JurnalPatroliNews – Yogyakarta – Sejumlah pos polisi lalu lintas di Daerah Istimewa Yogyakarta (DIY) menjadi sasaran pelemparan molotov dan batu pada Kamis (4/9/2025). Aksi perusakan ini memicu kekhawatiran karena Yogyakarta dianggap sebagai barometer keamanan nasional.
“Jogja itu tolok ukur. Kalau Jogja panas, biasanya ikut merembet ke seluruh Indonesia,” ujar mantan Menko Polhukam Mahfud MD saat berada di Yogyakarta, Jumat (5/9/2025).

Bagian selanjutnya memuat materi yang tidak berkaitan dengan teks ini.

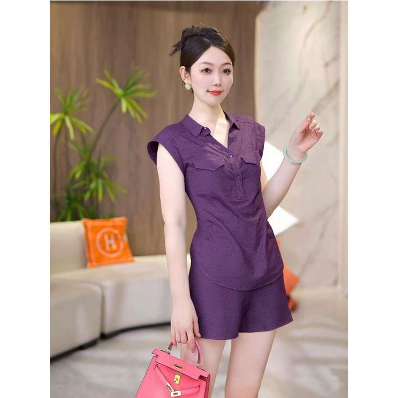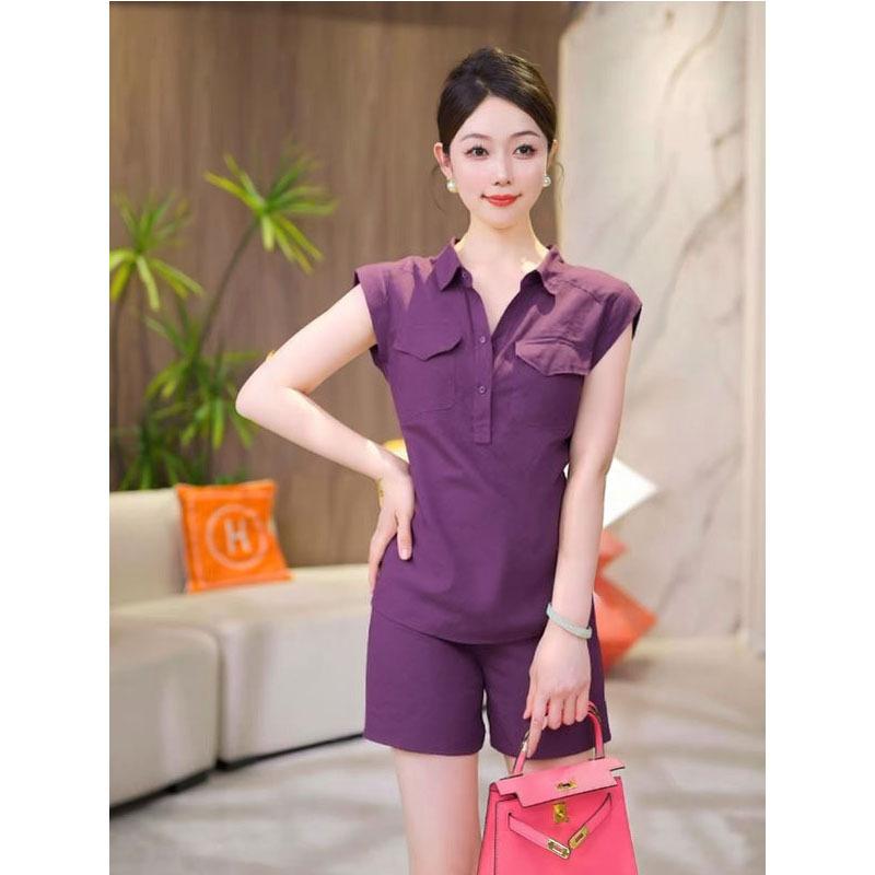 Estación Europea 2025 Verano Nuevo Conjunto de Moda de Dos Piezas para Mujer Color Sólido Camisa sin Mangas con Cuello Cuadrado + Shorts de Pierna Ancha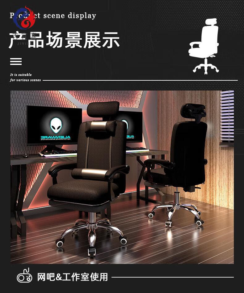 Computer chair, home backrest, dormitory college student esports chair, comfortable sedentary boss chair, esports office chair, upgraded thickening, reclining black - latex style - footrest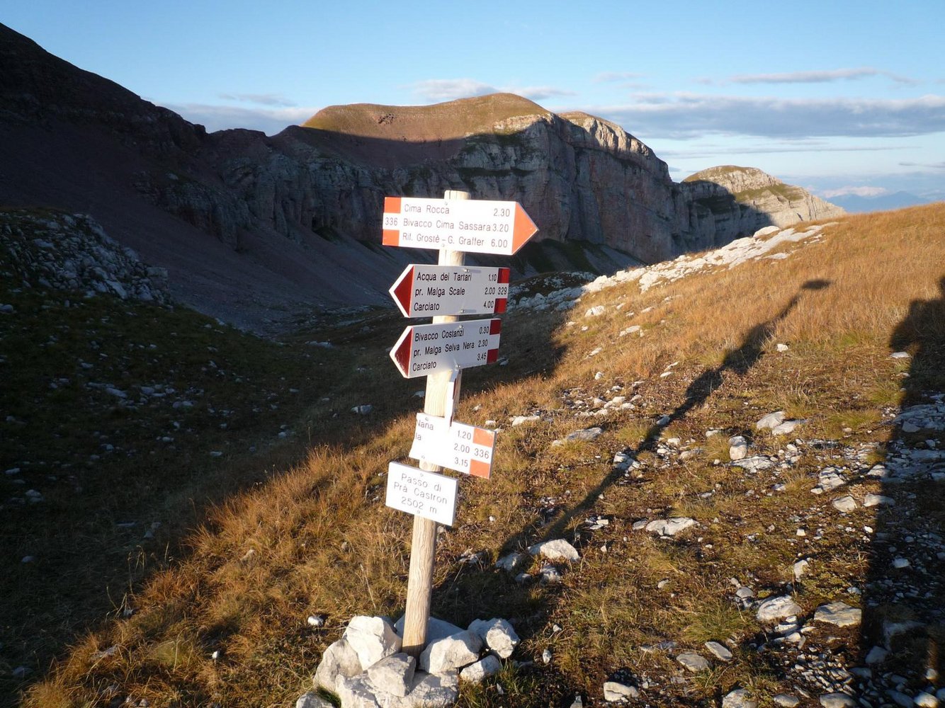Vom Passo di Val Gelada in nördlicher Richtung über eine Geröllhalde aufwärts zu den ersten Versicherungen mit Leiter (A/B), die zum Sasso Alto (A) hinaufführen. Von dort steigt man leicht ab (A) und quert unter den Sassara Gipfel, 2892 m – Gipfelabstecher + 10 Min. – zum Bivacco della Cima Sassara (auch Bivacco Bonvecchio genannt), 2779 m. Es folgt der Abstieg (A) in die Scharte und der Wiederaufstieg (A/B) an der Ostseite auf den Paradiso- und Rocca Gipfel. Vom Rocca Gipfel entlang des Gebirgskammes (anfangs leicht), dann vor der Scharte (B/C – schwierigste technische Stelle) absteigen und Wiederaufstieg (A) zur Bocchetta delle Livezze. Weiter über den Vento Gipfel (A) auf dem Wanderweg zum Tuena Gipfel und stets dem Gratrücken folgend über den Monte Benon zum Pra Castròn Pass, 2505 m, auf dem der schwierige Teil der Strecke endet.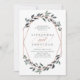 Esta moda e elegante convite de casamento apresenta uma forma geométrica falsa rosa de ouro cercada por belos galhos verdes.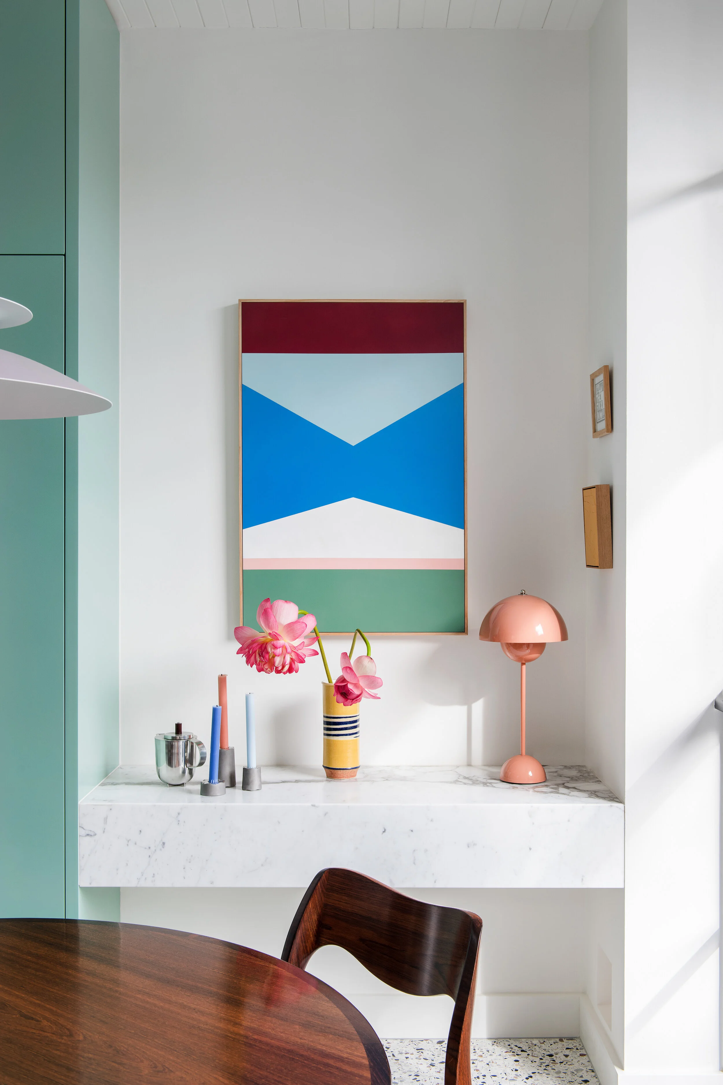 ‘We used the mint colour of the original kitchen as inspiration, which was still in place after all these years, and adjusted the shade to work with the other interior finishes,’ says Lisa Breeze. Photo: Cathy Schusler. Styling: Natalie James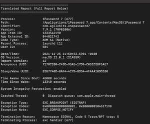 Several times 1Password crashed on my new Macbook Pro M1 Pro. Does anyone have the same problem?
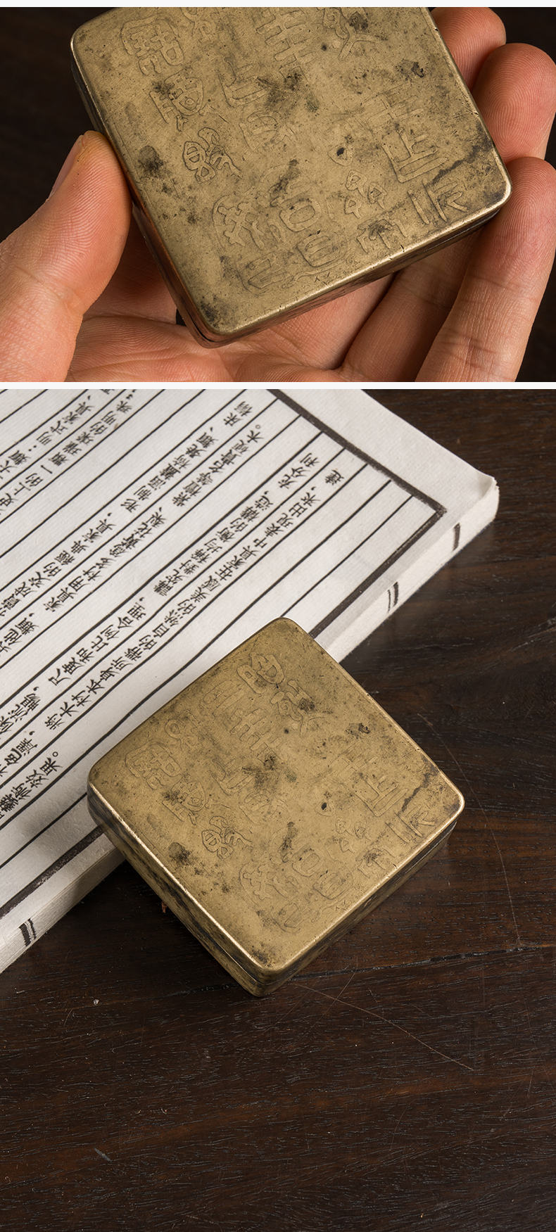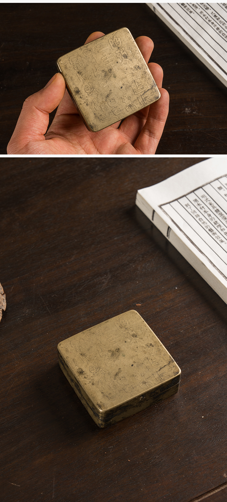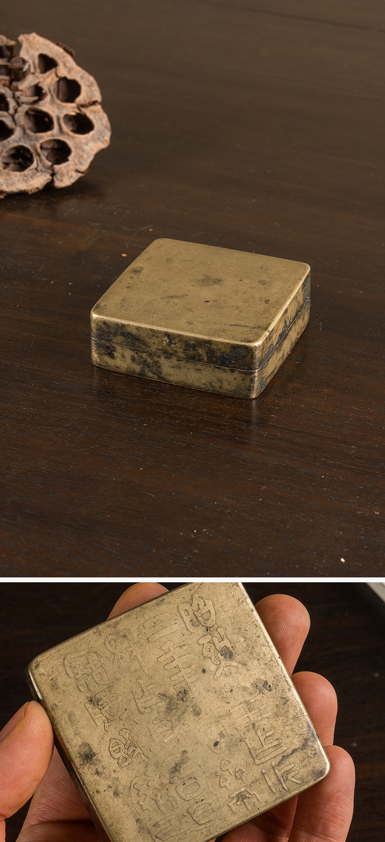 民国 铜诗文方形墨盒

Menurut Mahfud, peristiwa tersebut tidak bisa dipandang remeh. Ia menyinggung aksi unjuk rasa di akhir Agustus lalu yang berujung pembakaran bagian depan Kantor Polda DIY sebagai gambaran rentannya situasi. “Kalau Yogyakarta bisa tetap tenang, daerah lain pun biasanya ikut stabil,” tambahnya.
Lima Pos Polisi Jadi Sasaran
Kabid Humas Polda DIY, Kombes Ihsan, mengungkapkan lima pos polisi menjadi target serangan. Lokasi yang terdampak meliputi Pos Monjali, Jombor, Pelemgurih, Kronggahan, serta Pos Simpang Empat Pingit di Tegalrejo, Kota Yogyakarta.
Akibat insiden itu, tiga pos mengalami kerusakan kaca akibat lemparan batu. Sementara dua pos lainnya sempat dilempari molotov, tetapi tidak sampai menimbulkan kebakaran.
Situasi Masih Terkendali
Meski demikian, Ihsan memastikan kondisi Yogyakarta saat ini tetap kondusif. Ia menduga aksi tersebut sengaja dilakukan untuk memprovokasi suasana.
“Peristiwa ini lebih ke arah upaya memancing situasi. Namun secara umum, keamanan di DIY masih dalam kendali,” tegasnya.